Stella looked a little surprised. “Right. You were there too. I totally forgot, what with all the pandemonium.”
Lacey moved cautiously deeper into the apartment. “I got interviewed by the second-string guy,” she said. “You got the lead detective.”
“That Rogers moron? What an asshole. And cops and me . . . Well, this shit isn’t supposed to happen, you know?” Stella’s eyes started watering, and she rubbed her hands through her longish purple crew cut. She picked up a hand mirror from a stack of hair-styling magazines perched on the coffee table. “Wow, I’m a total mess. I look like a hard night at the 9:30 Club.”
“Have you eaten?” Lacey asked. “I’m starved; maybe we could catch a bite to eat. I’m buying.” The ambient gloom was getting to her.
“Yeah. Sure.” Stella was uncharacteristically subdued. “A shower, gotta have a shower.

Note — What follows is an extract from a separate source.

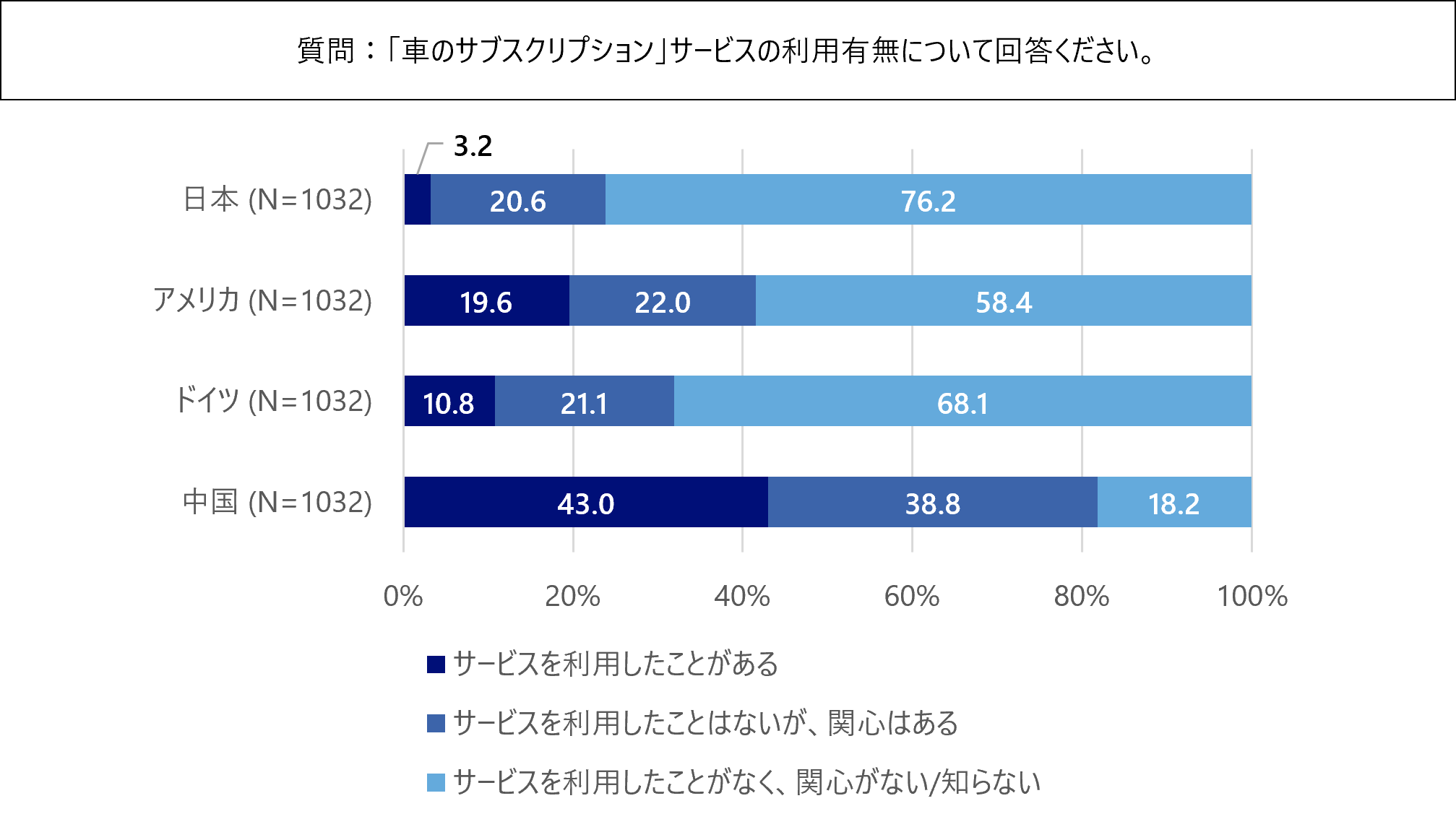 自動車保有者の車のサブスクリプション利用経験者の割合は、日本3.2%、アメリカ19.6%、ドイツ10.8%と少数でした。しかし、例外として中国では43.0%という高い割合となりました(図4)。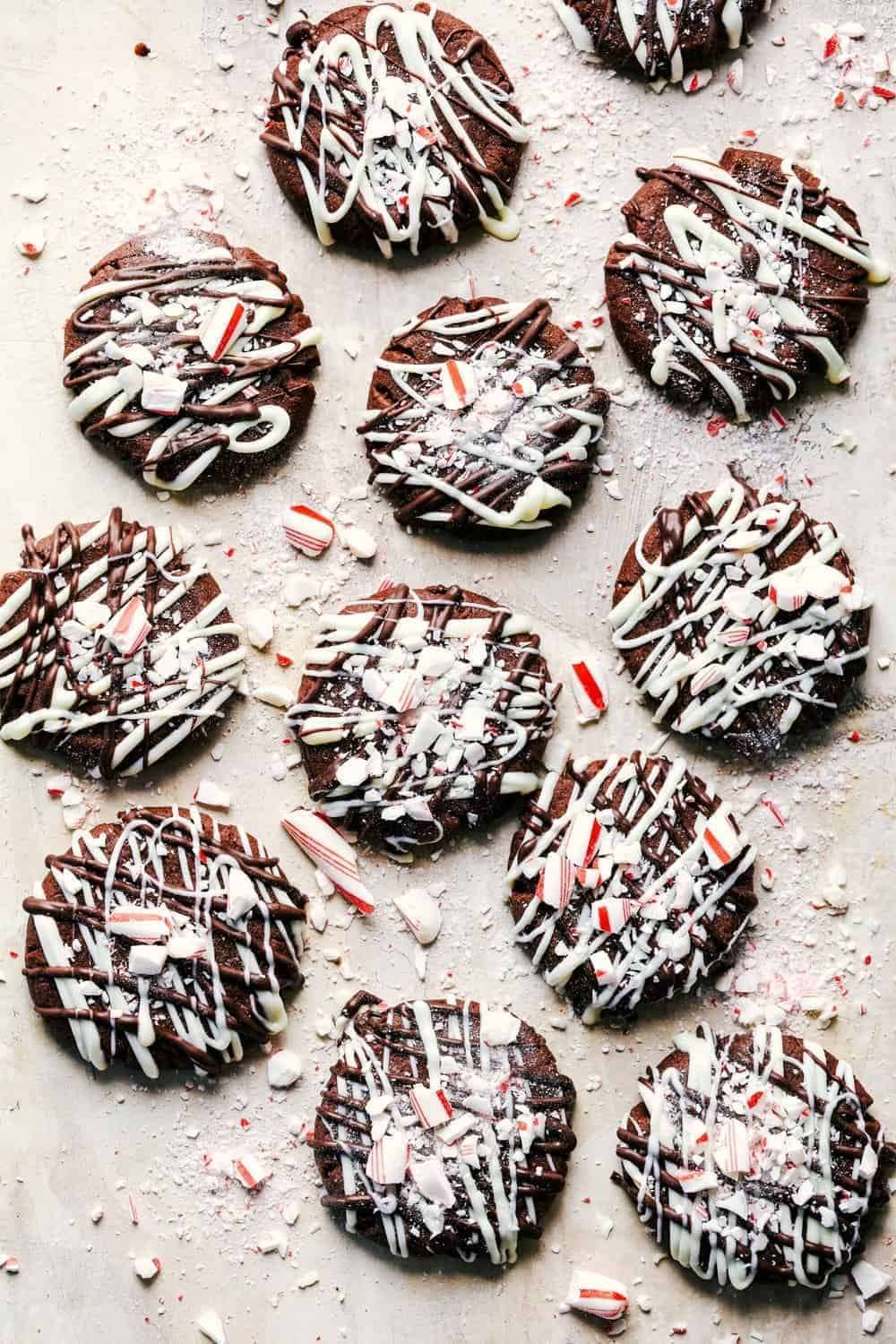 Triple chocolate peppermint cookies are soft and chewy cookies that get drizzled with white and dark chocolate. They are topped with crushed candy canes and are the perfect treat for the holidays!

And . . .”
“What’s the matter, Stella?”
Tears threatened to spill down her face. Stella shook her head as if to clear it. “What time is it?” She squinted at a digital clock that sat on top of a television set. “Oh, my God, I missed work! Oh, Lacey . . .”
Lacey dropped her reserve and wrapped Stella up in a big hug that smeared her makeup even more. “It’s okay. Leonardo covered for you. I’ll call them and let them know you’re all right.”
“Thanks. I could really go for a Coke and some breakfast.” The tears finally fell. “I’m so freaked out, Lacey. I mean, she got shot right in front of me. And the television said she’s dead. I mean, I’ve seen dead people before, but I haven’t seen them go down. And she was right next to me. I could’ve been killed too. What if it was me he was aiming for? What if it was supposed to be me?”
“He wasn’t aiming for you.”
Stella stumbled around, picking things up and tossing them back down. “I keep seeing that look on her face. The only time she didn’t look like a total bitch on wheels. God, I know that sounds terrible. But all of a sudden she looked like a little girl who didn’t know what was happening to her. And she just kept walking; that was the worst.”